The antiwar protests in Washington DC ended on Monday with two symbolic civil disobedience actions at the White House and the Pentagon. 25 people were arrested at the Pentagon while attempting to barricade two entrances and over 400 were arrested at White House (including Cindy Sheehan) during an entirely symbolic action in which participants sat down on Pennsylvania Avenue and refused three police orders to disperse.
Despite the symbolic nature of the civil disobedience at the White House, many of those arrested were held in handcuffs for up to 10 hours. According to reports from arrestees, people were detained for over 12 hours before being charged with a crime and were released in the middle of the night.

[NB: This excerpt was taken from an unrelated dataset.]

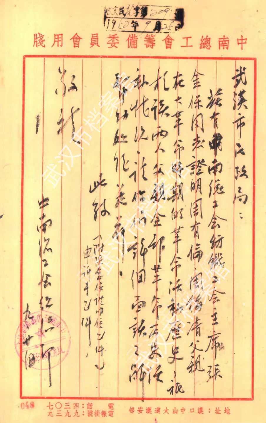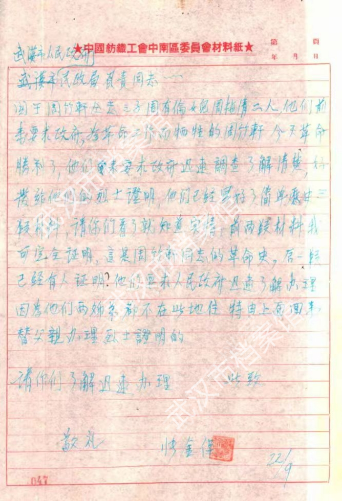 9月24日,中南总工会纺织工会给武汉市民政局发送函件,证明烈士周竹轩的情况。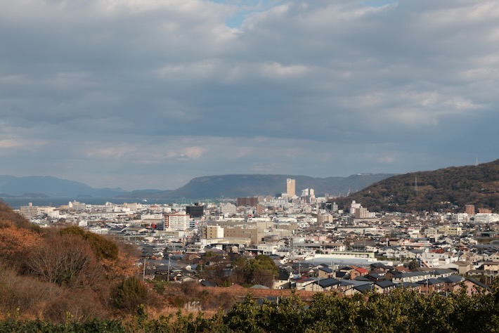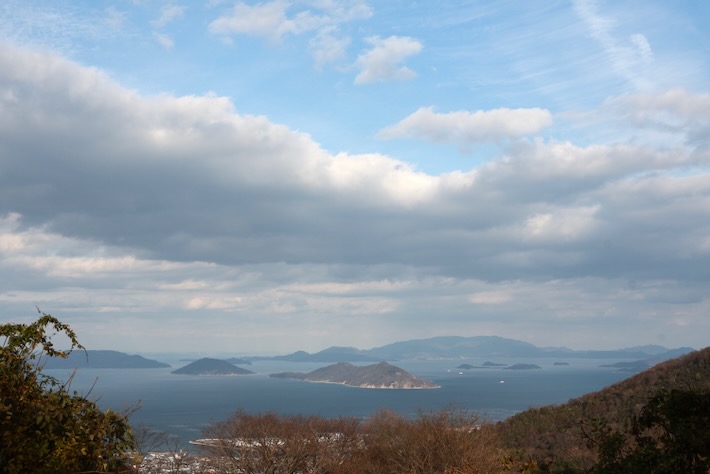 振り返ると屋島とシンボルタワーが見える。こっち方向も雲多いな。

The United States Park Police’s conduct in handling arrestees led Michigan Congressperson John Conyers to write a letter to the Park Police asking for clarification about arrest policies.

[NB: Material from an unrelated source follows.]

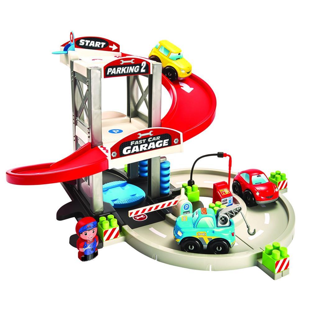 Abrick garage met 3 voertuigen en een figuurtje. Geschikt voor kinderen vanaf 18 maanden.
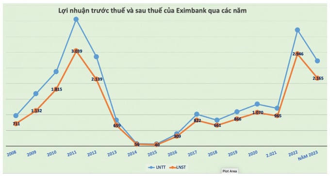 Giữa lùm xùm nợ thẻ tín dụng, Eximbank công bố báo cáo tài chính kiểm toán năm 2023 với những tiêu chí đáng chú ý. Cụ thể, sau năm 2022 lãi đột biến 2.946 tỷ đồng, thì năm 2023 lợi nhuận giảm sút 16,5% còn 2.165 tỷ đồng.

Aside from the symbolic actions, there was little other civil disobedience or direct action targeting the occupation of Iraq during the weekend. While a few hundred protestors were able to harass World Bank and International Monetary Fund (IMF) delegates attending the fall meetings of the World Bank and IMF, there was noticeably little participation from the hundreds of thousands people that protested the war a day earlier. This was no doubt due in part to the way the mobilization was organized as national antiwar coalitions rarely organize civil disobedience, and when they do, they generally separate such actions by holding them on different days. On September 24 there was a “black bloc,” but as has frequently been the case over the past few years, it failed to do anything of consequence.